Yasmin Hurd is a professor of Neuroscience, Psychiatry, Pharmacology and Systems Therapeutics at the Icahn School of Medicine at Mount Sinai in New York City.[1][2]

Early life and education[edit]

In the earlier years of her life, Hurd was particularly interested in how the brain works. To aid in covering her expenses for college, she decided to work in a research lab, which required her to take care of animals.[3] This experience was one that sparked her childhood curiosity and set her on a path to a career in neuroscience research. She completed her PhD at the Karolinska Institutet in Stockholm, Sweden, where her work with micro-dialysis led to advances in neuropharmacology.[4][5] She spent time as a Pharmacology Research Associate Fellow with the National Institutes of Health and Staff Fellow at the National Institute of Mental Health.[5]

Career[edit]

Hurd's career began when she returned to her alma mater, Karolinska Institute as a faculty member for 13 years before beginning her career at Mount Sinai. At Mount Sinai, Hurd is currently the Ward-Coleman Chair of Translational Neuroscience and the Director of the Addiction Institute of Mount Sinai within the Behavioural Health System.[6][7]

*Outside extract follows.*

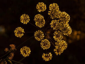 - Santiago Cáceres Rojo: Sin título (Grupo de FB #LaEscuelaDeFotografía). Una sencilla y bonita imagen muy sugerente. La iluminación muy centrada en las flores (o terminaciones de la planta), las realza y las separa del fondo. Un fondo oscuro que contiene algunos tonos cálidos que combinan muy bien con el sujeto principal. Las formas redondeadas de las iluminadas partes de la planta y el conjunto del grupo, también con forma redonda, nos remite a lo natural y le da unidad y armonía al conjunto. Muy bien usada la iluminación, y muy bien interpretado el color, en la captura y en el postprocesado ¡Muy buena imagen Santiago! 😉

She is also the former director of the medical school's combined MD/PhD Medical Scientist Training Program.[8] Additionally, Hurd sits on the Clinical Neuroendocrinology Branch, National Institute of Mental Health (NIMH).[6]

Hurd is a professor at the Icahn School of Medicine at Mount Sinai Hospital in New York City, where she studies addiction in people and animal models. Her animal research has revealed that drugs like marijuana can have profound effects on the adolescent brain, including effects that can even extend to the offspring of drug-users.[3]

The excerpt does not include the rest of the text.